* [Exercise]
Out of the entries that follow, copy each line containing "Barrital".
________________________________________
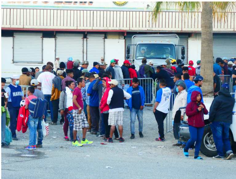
Caravan members line up for afternoon lunch outside of El Barrital shelter in Tijuana, Mexico.

As we finish this issue of the LASA Forum, El Barrital is also slated to close down soon. As of January 15, 2019, about 700 people remained in the shelter,
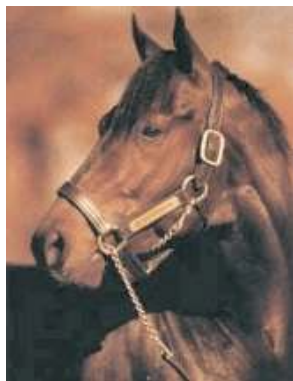
El Corredor
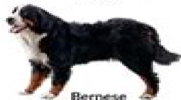
Bernese Mountain Dog
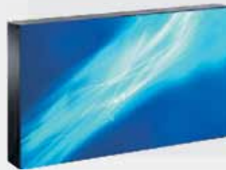
infinite module 926mm x 523mm
________________________________________
* [Solution for this exercise]
Caravan members line up for afternoon lunch outside of El Barrital shelter in Tijuana, Mexico.
As we finish this issue of the LASA Forum, El Barrital is also slated to close down soon. As of January 15, 2019, about 700 people remained in the shelter,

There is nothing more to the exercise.